Полная версия
Баллада о неудачниках
– Послушайте, но зачем вообще об этом писать? Произошло досадное недоразумение. Я уверен: теперь Денфорд понял, что с подобными вопросами нужно сразу же идти к вам. Ты же понял?! Если видишь что-то странное – немедленно к леди де Бов!
– Да, милорд! – гаркнул я, преданно выкатив глаза.
– Вот видите. Мы во всем разобрались. Признаю, я действительно недооценил ситуацию. Оборотень – ну кто бы мог подумать! Но вы отлично справились с этой тварью. Я рад, что теперь в Нортгемптоне есть могущественный маг, который противостоит силам зла.

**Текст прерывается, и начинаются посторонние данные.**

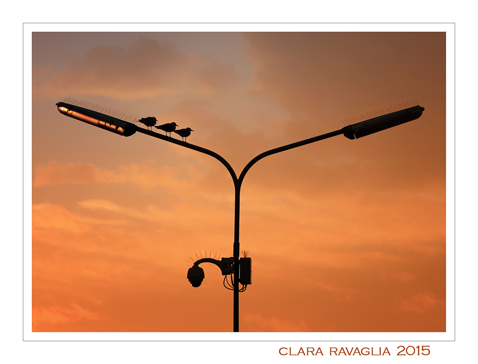 Questi gabbiani la sera, se passo in palizzata, sanno già che li fotograferò, e gentili e un po' rassegnati, si mettono in posa per me..
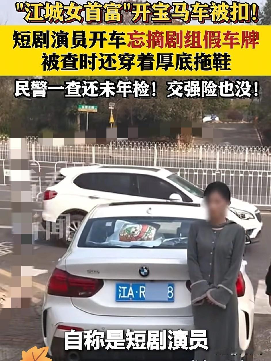 尴尬了!长沙,警察在路上执勤时,发现一辆很可疑的白色宝马车,于是将其拦停在路边检查,结果走近一警察叔叔都笑了,"江A"是哪里的车牌? 车主是位女演员,慌忙解释是剧组拍戏贴的道具车牌,拍完忙忘了撕,稀里糊涂开了好几天竟全然不知。 更关键的是车子年检过期近半年,交强险也断缴数月,三项违法直接撞满,车被暂扣,罚款扣分一个不落。 虽说纯属无心之失,但规矩就是规矩,违法就得认罚。这事儿根本是车主和剧组的双重疏忽,剧组收尾不清理,车主取车不检查,小马虎酿出大麻烦! 开车无小事,上车前绕车检查、按时办年检缴保险,真的别偷懒!
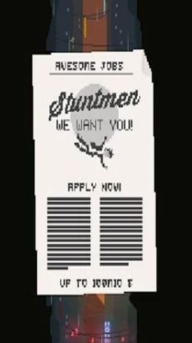 玩家在游戏中操控一名叫做素图尔特的特技演员,要从一个东京主题的电影中跳下来,并保证自己不会死。下落途中会遇上各种障碍,一旦撞上,斯图尔特就会变得粉身碎骨,只留下一滩红色的血迹。玩家存活的时间越长,所获得的现金也就越多,玩家可以增加你的下降速度获得更多的现金,但是相对的人物也就会更容易死亡。
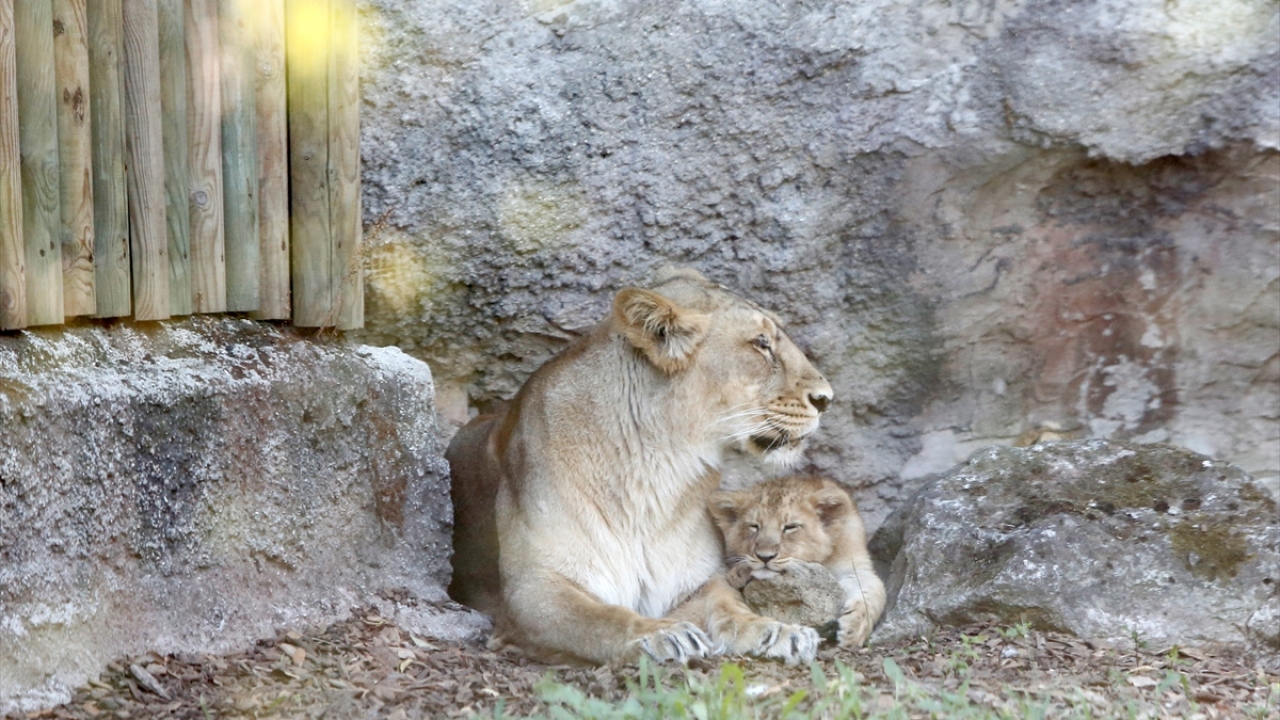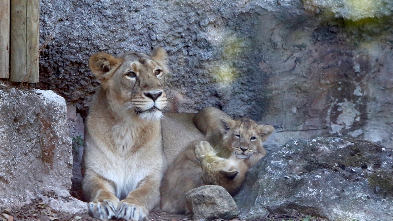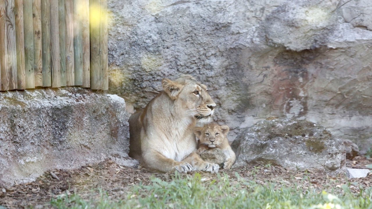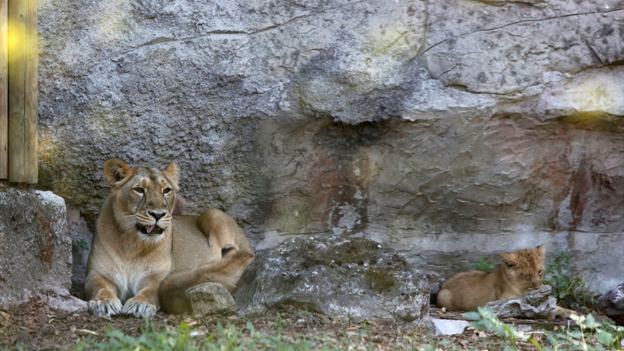 İtalya'nın başkenti Roma'daki Bioparco Hayvanat bahçesinde, Sajani isimli dişi Asya aslanının (Panthera leo persica) yeni doğan iki yavrusu basına tanıtıldı.

Рад ты, как же. Да ты бы лучше на гвоздь голой задницей сел и три раза повернулся.
– Благодарю. Но это не полностью моя заслуга. Сэр Марк проявил отвагу в бою с чудовищем и оказал мне неоценимую помощь.
Де Бов смущенно улыбнулась. Шериф воспрял.
– Великолепно! Я уверен, Денфорд и в дальнейшем будет вам помогать. Он очень исполнителен. В любое время обращайтесь к нему. Денфорд! По первому зову явишься к леди де Бов и выполнишь все указания!
Фу-ты ну-ты.
– Да, милорд!
– Ну вот! Замечательно! Мы решили этот вопрос.
– Да. Прошу прощения, я погорячилась. Я так переволновалась. Оборотень был ужасен, – де Бов томно и неубедительно закатила глаза.
– Да-да, конечно, я понимаю. Для хрупкой женщины встреча с чудовищем ужасна, – шериф был сама любезность.
– Прошу прощения, милорд, но я пойду. Я неважно себя чувствую.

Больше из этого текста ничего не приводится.